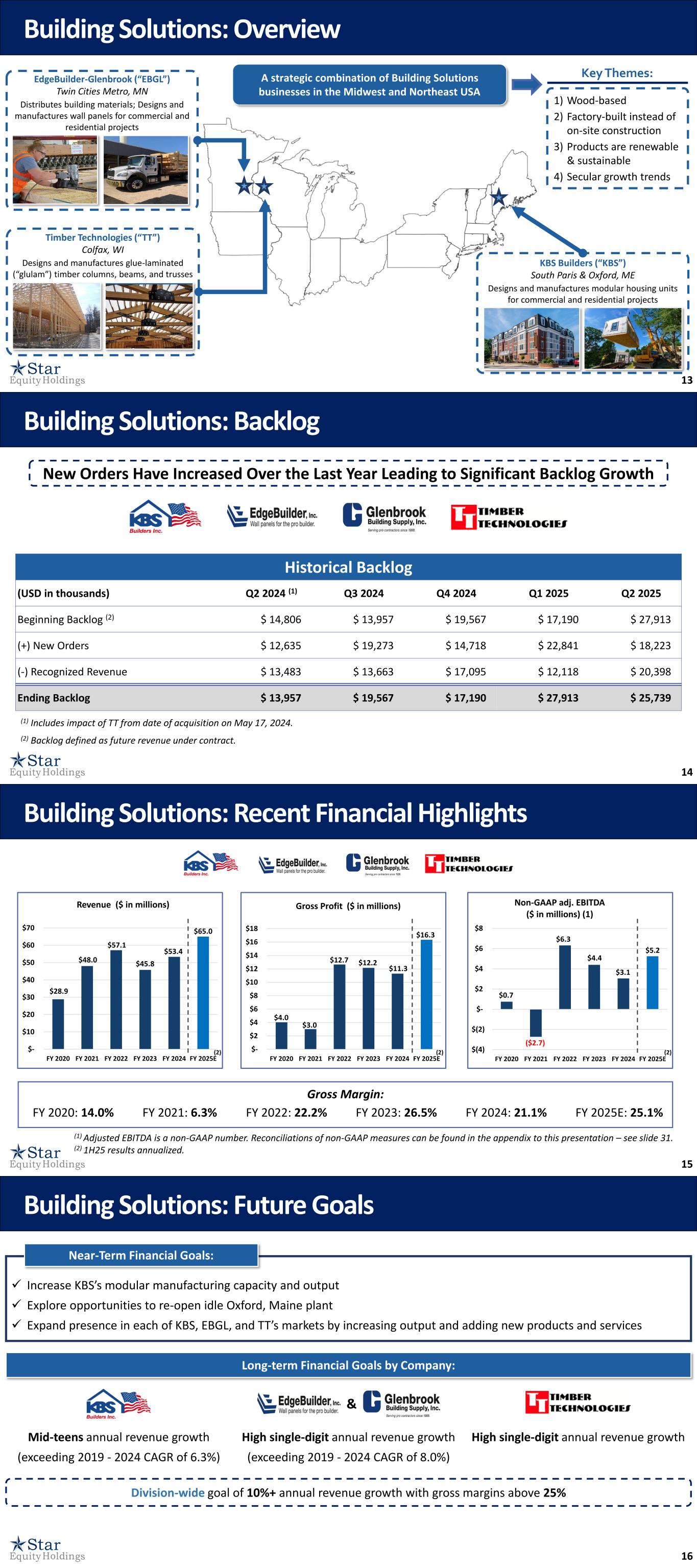 13 Timber Technologies (“TT”) Colfax, WI Designs and manufactures glue-laminated (“glulam”) timber columns, beams, and trusses KBS Builders (“KBS”) South Paris & Oxford, ME Designs and manufactures modular housing units for commercial and residential projects EdgeBuilder-Glenbrook (“EBGL”) Twin Cities Metro, MN Distributes building materials; Designs and manufactures wall panels for commercial and residential projects A strategic combination of Building Solutions businesses in the Midwest and Northeast USA 1) Wood-based 2) Factory-built instead of on-site construction 3) Products are renewable & sustainable 4) Secular growth trends Key Themes: Building Solutions: Overview 14 Building Solutions: Backlog Historical Backlog (USD in thousands) Q2 2024 (1) Q3 2024 Q4 2024 Q1 2025 Q2 2025 Beginning Backlog (2) $ 14,806 $ 13,957 $ 19,567 $ 17,190 $ 27,913 (+) New Orders $ 12,635 $ 19,273 $ 14,718 $ 22,841 $ 18,223 (-) Recognized Revenue $ 13,483 $ 13,663 $ 17,095 $ 12,118 $ 20,398 Ending Backlog $ 13,957 $ 19,567 $ 17,190 $ 27,913 $ 25,739 (1) Includes impact of TT from date of acquisition on May 17, 2024. (2) Backlog defined as future revenue under contract. New Orders Have Increased Over the Last Year Leading to Significant Backlog Growth 15 $28.9 $48.0 $57.1 $45.8 $53.4 $65.0 $- $10 $20 $30 $40 $50 $60 $70 FY 2020 FY 2021 FY 2022 FY 2023 FY 2024 FY 2025E Revenue ($ in millions) $4.0 $3.0 $12.7 $12.2 $11.3 $16.3 $- $2 $4 $6 $8 $10 $12 $14 $16 $18 FY 2020 FY 2021 FY 2022 FY 2023 FY 2024 FY 2025E Gross Profit ($ in millions) $0.7 ($2.7) $6.3 $4.4 $3.1 $5.2 $(4) $(2) $- $2 $4 $6 $8 FY 2020 FY 2021 FY 2022 FY 2023 FY 2024 FY 2025E Non-GAAP adj. EBITDA ($ in millions) (1) Gross Margin: FY 2020: 14.0% FY 2021: 6.3% FY 2022: 22.2% FY 2023: 26.5% FY 2024: 21.1% FY 2025E: 25.1% (1) Adjusted EBITDA is a non-GAAP number. Reconciliations of non-GAAP measures can be found in the appendix to this presentation – see slide 31. (2) 1H25 results annualized. (2) (2) (2) Building Solutions: Recent Financial Highlights 16 ✓ Increase KBS’s modular manufacturing capacity and output ✓ Explore opportunities to re-open idle Oxford, Maine plant ✓ Expand presence in each of KBS, EBGL, and TT’s markets by increasing output and adding new products and services Near-Term Financial Goals: Long-term Financial Goals by Company: Mid-teens annual revenue growth (exceeding 2019 - 2024 CAGR of 6.3%) High single-digit annual revenue growthHigh single-digit annual revenue growth (exceeding 2019 - 2024 CAGR of 8.0%) & Division-wide goal of 10%+ annual revenue growth with gross margins above 25% Building Solutions: Future Goals
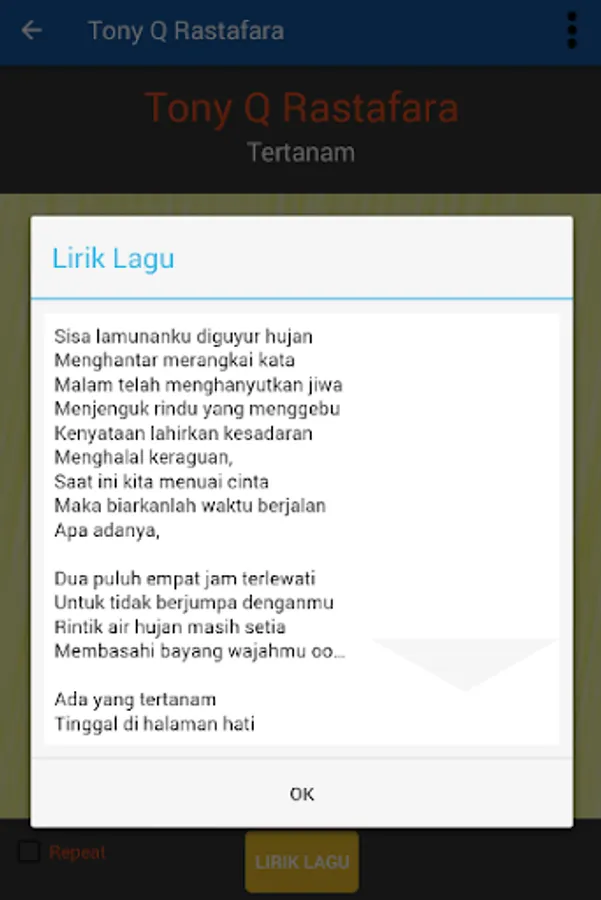 This time we have presented the most famous song from Tony Q Rastafara. Easy access makes fans of the artist's songs so relaxed and relaxed listening to the best songs. We continue to improve in order to keep users happy. We have put the lyrics in it as a help to sing.
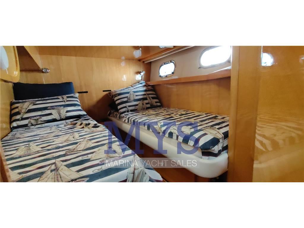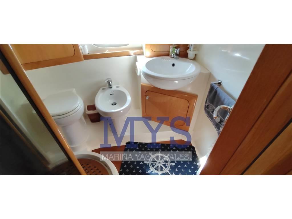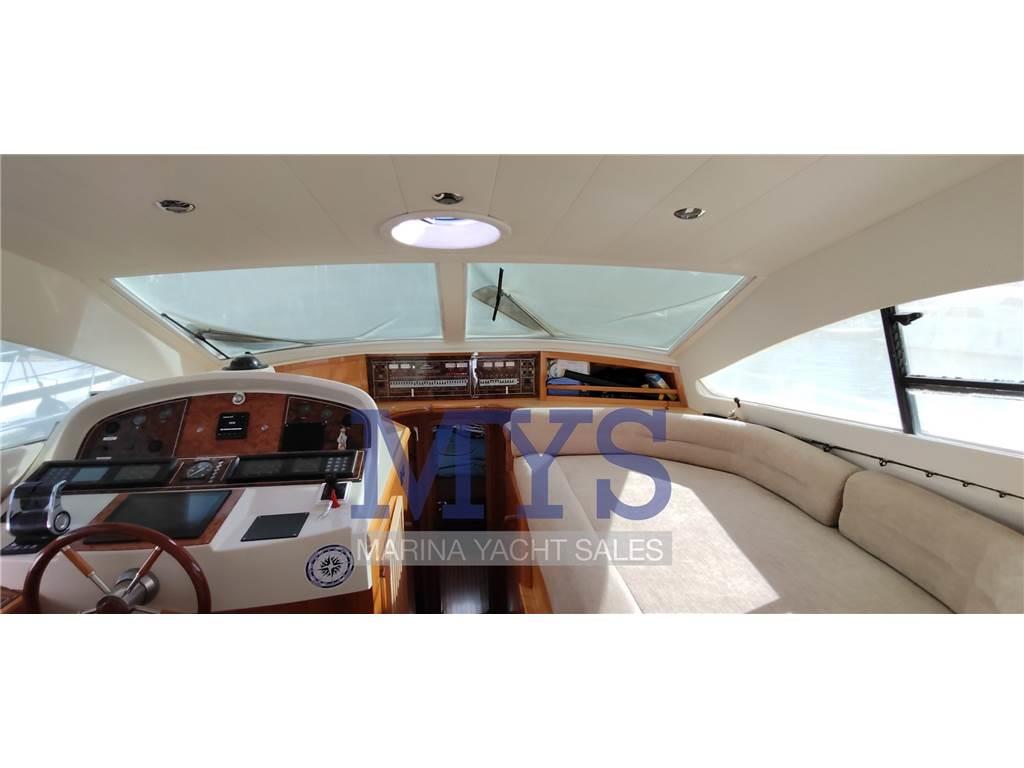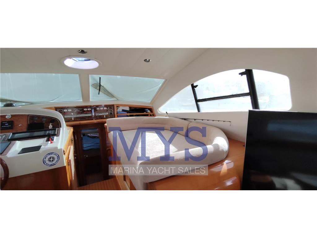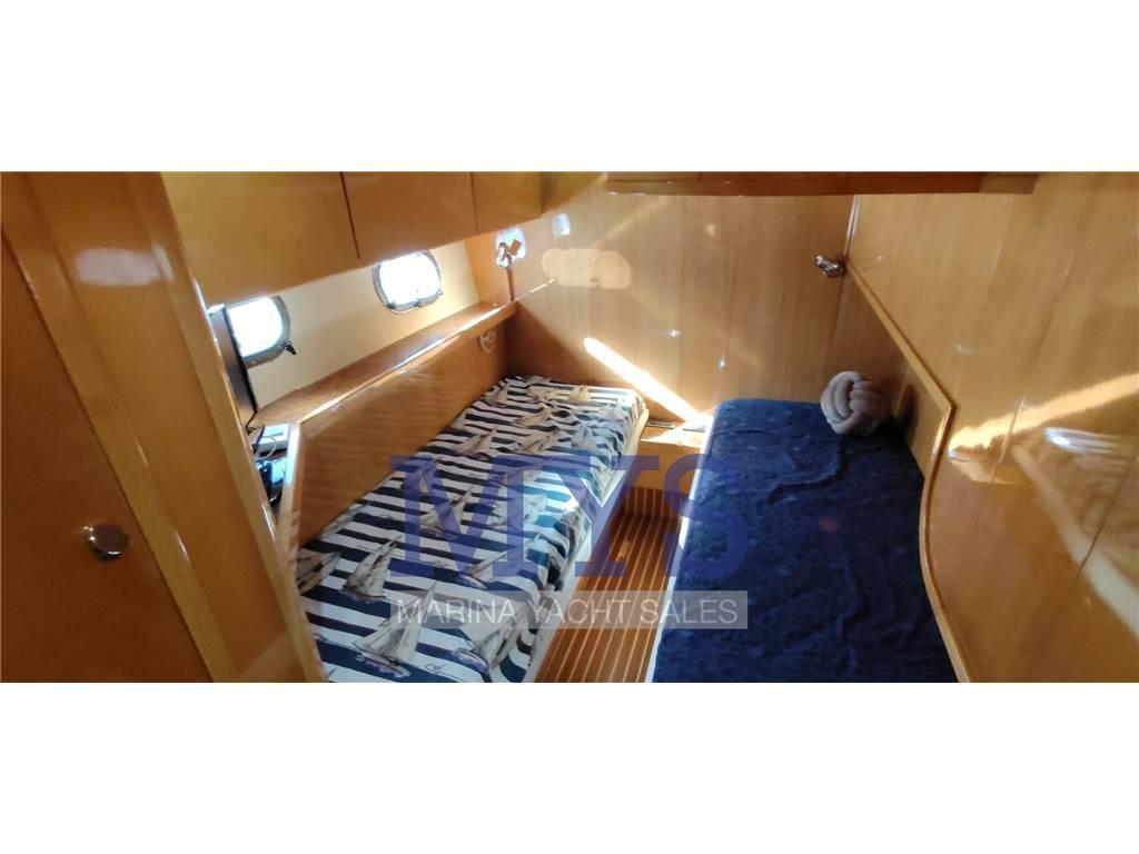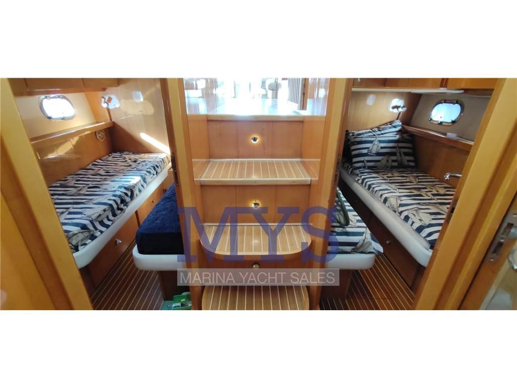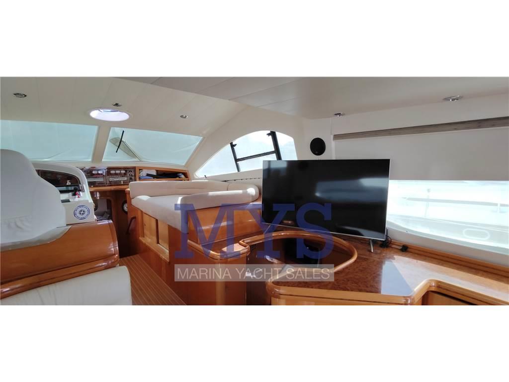 Doppia timoneria, GPS, Radar, Pilota automatico, VHF, ecoscandaglio, bow thruster proporzionale, flap elettrici, comandi motore elettronici, salpa ancore elettrico, contametri catena, strumentazione motori completa, pompe di sentina automatiche e manuali.
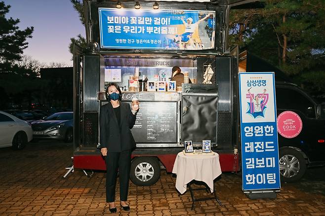 경기 전 용인체육관 앞에는 김보미의 은퇴식을 맞아 커피트럭이 도착해 눈길을 끌었다. 바로 절친한 후배 이경은(신한은행)과 김정은(우리은행)의 '깜짝 선물'이었다. 커피 트럭 천장에는 "보미야 꽃길만 걸어! 꽃은 우리가 뿌려줄께!"라는 이경은과 김정은의 애정이 듬뿍 담긴 문구가 적혀 있었다. 팬들과 관계자, 스탭요원들은 추운 날시 쏙 따뜻한 커피 한잔을 기울이면서 기쁜 마음으로 체육관에 입장했다.
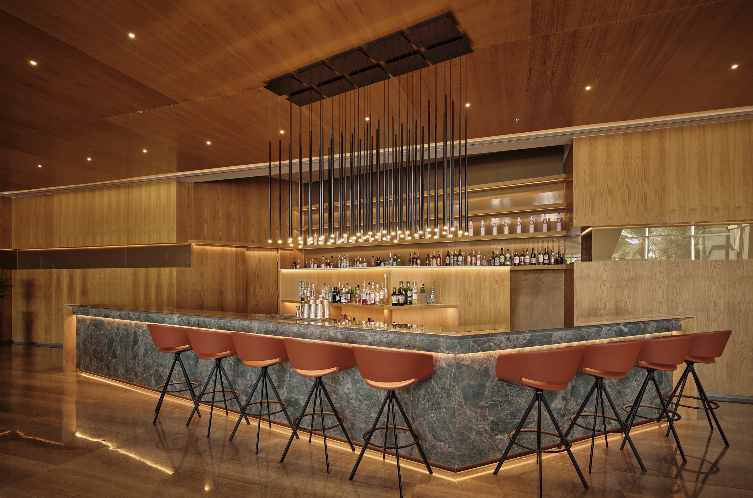 - Bar Lounge: El Bar Lounge ha sido concebido como un espacio dinámico, diseñado para albergar tanto una interacción social vibrante como momentos de tranquilidad. La barra de mármol iluminada actúa como pieza protagonista. La fuerza de los tonos terracota y melocotón en banquetas y sillas tapizadas, junto con el techo y las paredes en madera pulida, reflejan la luz y añaden cierto toque de glamour retro al ambiente.

━━━━

Copy out each record shown above without alteration, skipping any picture.

EXPECTED OUTPUT
 13 Timber Technologies (“TT”) Colfax, WI Designs and manufactures glue-laminated (“glulam”) timber columns, beams, and trusses KBS Builders (“KBS”) South Paris & Oxford, ME Designs and manufactures modular housing units for commercial and residential projects EdgeBuilder-Glenbrook (“EBGL”) Twin Cities Metro, MN Distributes building materials; Designs and manufactures wall panels for commercial and residential projects A strategic combination of Building Solutions businesses in the Midwest and Northeast USA 1) Wood-based 2) Factory-built instead of on-site construction 3) Products are renewable & sustainable 4) Secular growth trends Key Themes: Building Solutions: Overview 14 Building Solutions: Backlog Historical Backlog (USD in thousands) Q2 2024 (1) Q3 2024 Q4 2024 Q1 2025 Q2 2025 Beginning Backlog (2) $ 14,806 $ 13,957 $ 19,567 $ 17,190 $ 27,913 (+) New Orders $ 12,635 $ 19,273 $ 14,718 $ 22,841 $ 18,223 (-) Recognized Revenue $ 13,483 $ 13,663 $ 17,095 $ 12,118 $ 20,398 Ending Backlog $ 13,957 $ 19,567 $ 17,190 $ 27,913 $ 25,739 (1) Includes impact of TT from date of acquisition on May 17, 2024. (2) Backlog defined as future revenue under contract. New Orders Have Increased Over the Last Year Leading to Significant Backlog Growth 15 $28.9 $48.0 $57.1 $45.8 $53.4 $65.0 $- $10 $20 $30 $40 $50 $60 $70 FY 2020 FY 2021 FY 2022 FY 2023 FY 2024 FY 2025E Revenue ($ in millions) $4.0 $3.0 $12.7 $12.2 $11.3 $16.3 $- $2 $4 $6 $8 $10 $12 $14 $16 $18 FY 2020 FY 2021 FY 2022 FY 2023 FY 2024 FY 2025E Gross Profit ($ in millions) $0.7 ($2.7) $6.3 $4.4 $3.1 $5.2 $(4) $(2) $- $2 $4 $6 $8 FY 2020 FY 2021 FY 2022 FY 2023 FY 2024 FY 2025E Non-GAAP adj. EBITDA ($ in millions) (1) Gross Margin: FY 2020: 14.0% FY 2021: 6.3% FY 2022: 22.2% FY 2023: 26.5% FY 2024: 21.1% FY 2025E: 25.1% (1) Adjusted EBITDA is a non-GAAP number. Reconciliations of non-GAAP measures can be found in the appendix to this presentation – see slide 31. (2) 1H25 results annualized. (2) (2) (2) Building Solutions: Recent Financial Highlights 16 ✓ Increase KBS’s modular manufacturing capacity and output ✓ Explore opportunities to re-open idle Oxford, Maine plant ✓ Expand presence in each of KBS, EBGL, and TT’s markets by increasing output and adding new products and services Near-Term Financial Goals: Long-term Financial Goals by Company: Mid-teens annual revenue growth (exceeding 2019 - 2024 CAGR of 6.3%) High single-digit annual revenue growthHigh single-digit annual revenue growth (exceeding 2019 - 2024 CAGR of 8.0%) & Division-wide goal of 10%+ annual revenue growth with gross margins above 25% Building Solutions: Future Goals
 This time we have presented the most famous song from Tony Q Rastafara. Easy access makes fans of the artist's songs so relaxed and relaxed listening to the best songs. We continue to improve in order to keep users happy. We have put the lyrics in it as a help to sing.
 Doppia timoneria, GPS, Radar, Pilota automatico, VHF, ecoscandaglio, bow thruster proporzionale, flap elettrici, comandi motore elettronici, salpa ancore elettrico, contametri catena, strumentazione motori completa, pompe di sentina automatiche e manuali.
 경기 전 용인체육관 앞에는 김보미의 은퇴식을 맞아 커피트럭이 도착해 눈길을 끌었다. 바로 절친한 후배 이경은(신한은행)과 김정은(우리은행)의 '깜짝 선물'이었다. 커피 트럭 천장에는 "보미야 꽃길만 걸어! 꽃은 우리가 뿌려줄께!"라는 이경은과 김정은의 애정이 듬뿍 담긴 문구가 적혀 있었다. 팬들과 관계자, 스탭요원들은 추운 날시 쏙 따뜻한 커피 한잔을 기울이면서 기쁜 마음으로 체육관에 입장했다.
 - Bar Lounge: El Bar Lounge ha sido concebido como un espacio dinámico, diseñado para albergar tanto una interacción social vibrante como momentos de tranquilidad. La barra de mármol iluminada actúa como pieza protagonista. La fuerza de los tonos terracota y melocotón en banquetas y sillas tapizadas, junto con el techo y las paredes en madera pulida, reflejan la luz y añaden cierto toque de glamour retro al ambiente.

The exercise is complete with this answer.